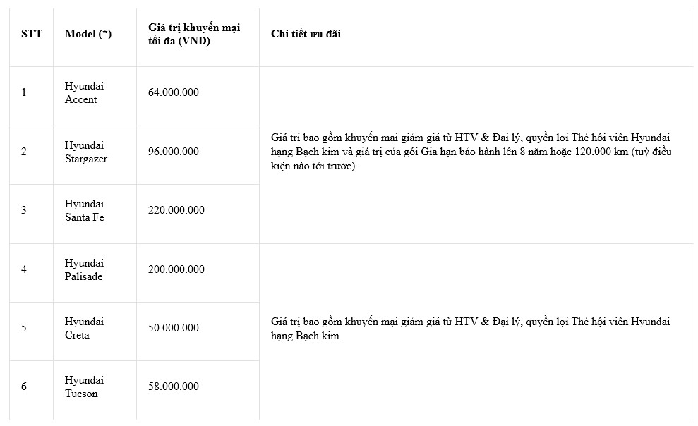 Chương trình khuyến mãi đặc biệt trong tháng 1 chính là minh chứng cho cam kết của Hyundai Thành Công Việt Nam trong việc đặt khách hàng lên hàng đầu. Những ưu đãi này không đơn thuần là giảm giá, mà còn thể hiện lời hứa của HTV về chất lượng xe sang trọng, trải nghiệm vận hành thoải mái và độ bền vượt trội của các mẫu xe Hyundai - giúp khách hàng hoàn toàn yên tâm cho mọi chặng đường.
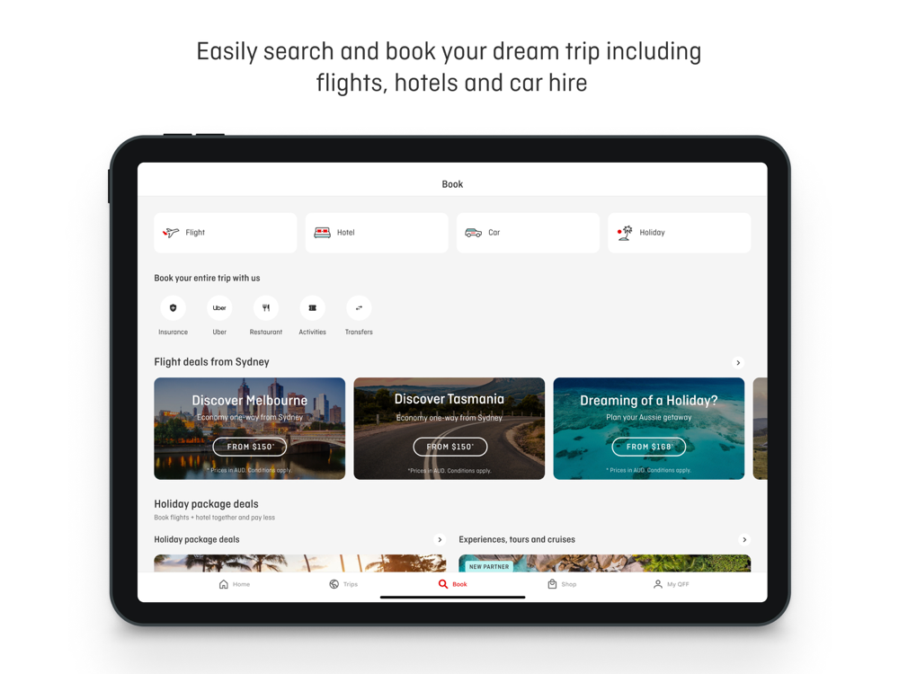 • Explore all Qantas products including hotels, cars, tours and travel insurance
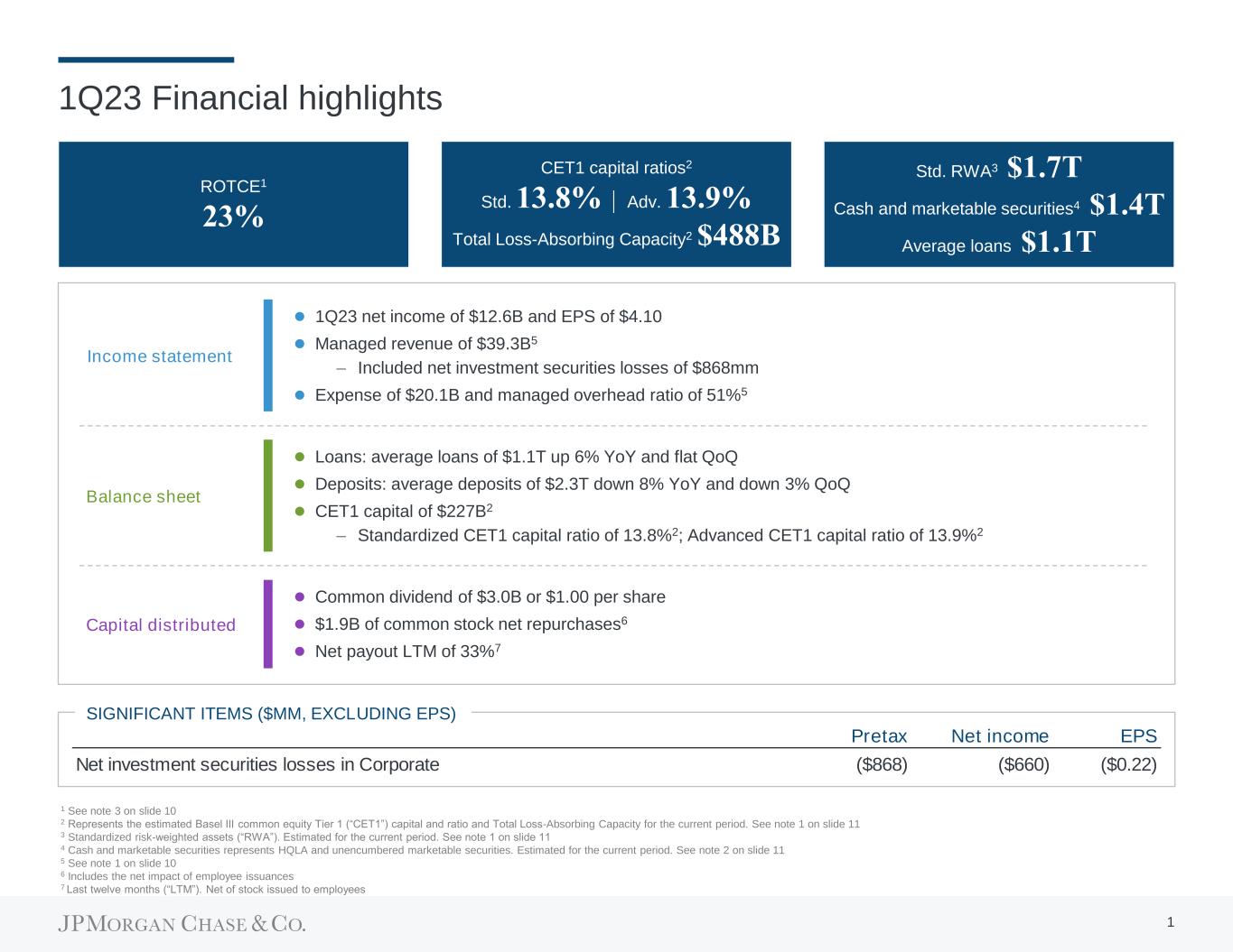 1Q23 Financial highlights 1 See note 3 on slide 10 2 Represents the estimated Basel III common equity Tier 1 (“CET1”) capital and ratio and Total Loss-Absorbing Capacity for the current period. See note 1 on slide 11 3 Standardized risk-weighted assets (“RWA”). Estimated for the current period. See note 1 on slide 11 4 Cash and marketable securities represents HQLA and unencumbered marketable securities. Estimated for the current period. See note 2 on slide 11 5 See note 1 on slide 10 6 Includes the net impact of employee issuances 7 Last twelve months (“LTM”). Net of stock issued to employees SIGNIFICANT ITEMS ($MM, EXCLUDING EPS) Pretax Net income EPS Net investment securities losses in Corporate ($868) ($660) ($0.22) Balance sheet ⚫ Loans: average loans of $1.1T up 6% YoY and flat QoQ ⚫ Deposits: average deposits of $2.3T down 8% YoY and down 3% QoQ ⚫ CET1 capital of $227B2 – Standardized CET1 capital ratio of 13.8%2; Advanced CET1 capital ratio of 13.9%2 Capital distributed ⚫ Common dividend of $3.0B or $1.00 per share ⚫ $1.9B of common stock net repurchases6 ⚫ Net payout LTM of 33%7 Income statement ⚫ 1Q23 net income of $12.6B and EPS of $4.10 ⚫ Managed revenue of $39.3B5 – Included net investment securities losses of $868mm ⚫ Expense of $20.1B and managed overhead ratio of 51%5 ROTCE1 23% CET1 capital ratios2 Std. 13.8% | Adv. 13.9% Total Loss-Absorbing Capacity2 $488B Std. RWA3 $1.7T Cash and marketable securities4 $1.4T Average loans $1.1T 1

Exercise goal
Your response must reproduce every line of the data exactly, with images omitted.

Exercise solution
 Chương trình khuyến mãi đặc biệt trong tháng 1 chính là minh chứng cho cam kết của Hyundai Thành Công Việt Nam trong việc đặt khách hàng lên hàng đầu. Những ưu đãi này không đơn thuần là giảm giá, mà còn thể hiện lời hứa của HTV về chất lượng xe sang trọng, trải nghiệm vận hành thoải mái và độ bền vượt trội của các mẫu xe Hyundai - giúp khách hàng hoàn toàn yên tâm cho mọi chặng đường.
 • Explore all Qantas products including hotels, cars, tours and travel insurance
 1Q23 Financial highlights 1 See note 3 on slide 10 2 Represents the estimated Basel III common equity Tier 1 (“CET1”) capital and ratio and Total Loss-Absorbing Capacity for the current period. See note 1 on slide 11 3 Standardized risk-weighted assets (“RWA”). Estimated for the current period. See note 1 on slide 11 4 Cash and marketable securities represents HQLA and unencumbered marketable securities. Estimated for the current period. See note 2 on slide 11 5 See note 1 on slide 10 6 Includes the net impact of employee issuances 7 Last twelve months (“LTM”). Net of stock issued to employees SIGNIFICANT ITEMS ($MM, EXCLUDING EPS) Pretax Net income EPS Net investment securities losses in Corporate ($868) ($660) ($0.22) Balance sheet ⚫ Loans: average loans of $1.1T up 6% YoY and flat QoQ ⚫ Deposits: average deposits of $2.3T down 8% YoY and down 3% QoQ ⚫ CET1 capital of $227B2 – Standardized CET1 capital ratio of 13.8%2; Advanced CET1 capital ratio of 13.9%2 Capital distributed ⚫ Common dividend of $3.0B or $1.00 per share ⚫ $1.9B of common stock net repurchases6 ⚫ Net payout LTM of 33%7 Income statement ⚫ 1Q23 net income of $12.6B and EPS of $4.10 ⚫ Managed revenue of $39.3B5 – Included net investment securities losses of $868mm ⚫ Expense of $20.1B and managed overhead ratio of 51%5 ROTCE1 23% CET1 capital ratios2 Std. 13.8% | Adv. 13.9% Total Loss-Absorbing Capacity2 $488B Std. RWA3 $1.7T Cash and marketable securities4 $1.4T Average loans $1.1T 1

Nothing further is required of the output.